Contents of this article:

  • Contents
  • Overview
  • Introduction
  • Enumerating Databases on a Server
    • INFORMATION_SCHEMA.SCHEMATA System View
    • sys.sysdatabases System Table/View
    • sys.databases System View
    • sys.sp_databases Stored Procedure
  • Attaching Databases to the Server
    • CREATE DATABASE Statement
    • sys.sp_attach_db Stored Procedure
    • sys.sp_attach_single_file_db Stored Procedure
  • Detaching Databases from the Server
    • CREATE DATABASE Statement
    • sys.sp_detach_db Stored Procedure
  • Security Considerations

Overview

This writing is like an encyclopedia for the SQL statements and stored procedures used to enumerate, attach, and detach databases on a SQL Server instance. It lists the statements and stored procedures that you can use and discusses them in simple examples.

Introduction

Today we are going to talk about how to programmatically enumerate databases on a SQL Server instance and how you can attach and detach SQL Server databases.

Enumerating Databases on a Server

You can get a list of databases on a server using one of many ways:

  • INFORMATION_SCHEMA.SCHEMATA system view (SQL Server 2000 only)
  • sys.sysdatabases system table (a view in SQL Server 2005 and higher versions)
  • sys.databases system view (SQL Server 2005 and higher versions)
  • sys.sp_databases stored procedure

INFORMATION_SCHEMA.SCHEMATA System View

If you are using SQL Server 2000, you can query the system view INFORMATION_SCHEMA.SCHEMATA to get information about current databases on the server.

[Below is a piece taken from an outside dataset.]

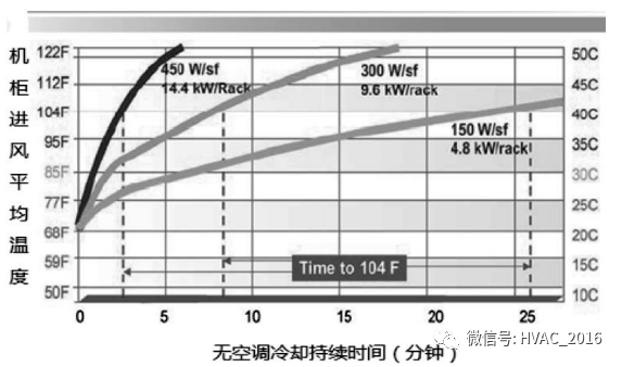 數據中心業務中斷對不同的行業會造成不同程度的影響,例如導致公司銷售停頓、生產停止、服務無法正常提供等。來自網絡的統計資料顯示,過去的5年內,發生的13次服務器宕機導致了568h的服務中斷,造成了超過7170萬美元的經濟損失。IT設備的正常運行,不僅依賴電氣、網絡等配套設施的穩定運行,也依賴空調系統不間斷可靠的運行。以往數據中心規模不大,密度不高,機柜密度只有1kW/機柜~2kW/機柜,即使制冷偶爾中斷,對IT設備的運行也沒有多大影響,因此數據中心的建設者往往忽略了制冷中斷的危害,只關注供電系統的設置。隨著科技進步和時代發展,數據中心的規模越來越大,機柜密度越來越高,一般為4kW/機柜~10kW/機柜,甚至高達30kW/機柜,一旦制冷中斷,服務器的進風溫度就會迅速攀升,可能只需要60s甚至更短時間(取決于熱密度),就會達到破壞性水平,引發宕機或設備毀損釀成事故。某一機構在實驗室條件下對不同負載條件下制冷方式發生中斷時,環境溫度的變化過程進行了現場測試和統計,如圖1所示:

The following is the table diagram for INFORMATION_SCHEMA.SCHEMATA system view:

Actually, you don’t need to worry about any of the view columns, just the first column, CATALOG_NAME, that you need to worry about, it is the database (i.e. catalog) name.

The following code simply prints out the databases currently found on the default SQL Server instance in the current machine:

    // C# Code
    SqlConnection conn = new SqlConnection("Server=(local);Data Source=;Integrated Security=SSPI");
    SqlCommand cmd = new SqlCommand("", conn);
    SqlDataReader rdr;
    cmd.CommandText = "SELECT DISTINCT    CATALOG_NAME    FROM    INFORMATION_SCHEMA.SCHEMATA";
    conn.Open();
    rdr = cmd.ExecuteReader();
    while (rdr.Read())
    {
        Console.WriteLine(rdr.GetString(0));
    }
    rdr.Dispose();
    cmd.Dispose();
    conn.Dispose();
' VB.NET
Dim conn As New SqlConnection("Server=(local);Data Source=;Integrated Security=SSPI")
Dim cmd As New SqlCommand("", conn)
Dim rdr As SqlDataReader
cmd.CommandText = "SELECT DISTINCT    CATALOG_NAME    FROM    INFORMATION_SCHEMA.SCHEMATA"
conn.Open()
rdr = cmd.ExecuteReader()
While (rdr.Read())
    Console.WriteLine(rdr.GetString(0))
End While
rdr.Dispose()
cmd.Dispose()
conn.Dispose()

Again, this is for SQL Server 2000 only.

Check the MSDN documentation for INFORMATION_SCHEMA.SCHEMATA system view here.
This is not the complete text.